The debate about the lack of female representation in STEM continues, but other sectors are in dire need of more female representation.
Even though statistics show that more women than ever before are earning graduate business degrees from US business schools, women continue to struggle in the corporate world to compete on an equal footing with their male counterparts.
According to a report, women in the United States who have earned an MBA receive a 63 percent pay raise, but the gender pay gap with men remains large and gets worse over time.
The disparity is even greater for minority female business leaders. According to the study, estimated wages for non-minority males are 52 percent lower than for non-minority males.
Despite this disparity, women should not be discouraged from pursuing a degree in Business Leader or making their way up the corporate ladder.
Let’s have a look at some of the business leaders:
Nooyi became a senior vice president of business planning and growth at PepsiCo in 1994. She became the company’s president and chief financial officer in 2001. Nooyi oversaw a major restructuring that involved the company’s restaurants—which included KFC, Pizza Hut, and Taco Bell—being spun off into Tricon Global Restaurants (which later became Yum! Brands, Inc.), as well as PepsiCo’s bottling operations being spun off.
She also oversaw the purchase of Tropicana Products in 1998 and a merger with the Quaker Oats Co. in 2001 as part of the company’s plan to diversify into more healthful beverages and foods.
In October 2006, Nooyi was named CEO, and the following year, he was also named chairman of the board. Nooyi, PepsiCo’s fifth chairman, and CEO in the company’s 42-year history, was the first woman to lead the soft-drink and snack-food behemoth and one of only 11 female business leaders in the Fortune 500.
Although some observers were surprised by Nooyi’s appointment (her predecessor, Steven Reinemund, had only been chairman for five years before suddenly resigning), many admired the skills she would bring to the job. She also sought foreign expansion with vigor. PepsiCo’s sales rose from $35 billion in 2006 to $63.5 billion in 2017 under her Business Leadership. The following year, Nooyi announced that she would step down as CEO in October and as chairman of the board of directors in early 2019.
She experimented with various commercial hairdressings and developed her formula to treat scalp infections that resulted in baldness. She worked as a sales agent for Annie Turnbo, the Poro Company’s founder, for about two years.
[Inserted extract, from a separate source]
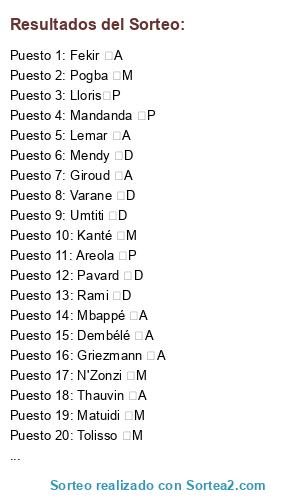 Lista de participantes: Areola P, Dembélé A, Fekir A, Giroud A, Griezmann A, Kanté M, Kimpembe D, Lemar A, Lloris P, Lucas H D, Mandanda P, Matuidi M, Mbappé A, Mendy D, N'Zonzi M, Pavard D, Pogba M, Rami D, Sidibé D, Thauvin A, Tolisso M, Umtiti D, Varane D.

She worked as a cook for a pharmacist after moving to Denver in 1905, where she studied the basic chemistry that enabled her to perfect an ointment that healed dandruff and other hygiene-related ailments that were prevalent at a time when most Americans did not have indoor plumbing.
In the year 1906, she got married to Charles Joseph Walker and started with the promotion of the “Walker Method” or “Walker System of Beauty Culture” in her native land. From that time onwards she had been known as Madam C.J. Walker
She continued to grow her business by moving across the country and offering employment opportunities and financial freedom to thousands of African American women who would otherwise have been forced to work as maids, chefs, laundresses, and farmhands.
She traveled to The Caribbean and Central America in 1913, expanding her international reach. She reported 25,000 successful Walker sales agents by 1919.
Rosenfeld began her career at an advertising firm before joining General Foods Corporation’s marketing department in 1981. The company produces a wide range of packaged and frozen items, including Kool-Aid fruit-flavored drinks, Maxwell House coffee, and Oscar Mayer meats. She rose through the ranks of the company over the next 15 years, overseeing a variety of its labels.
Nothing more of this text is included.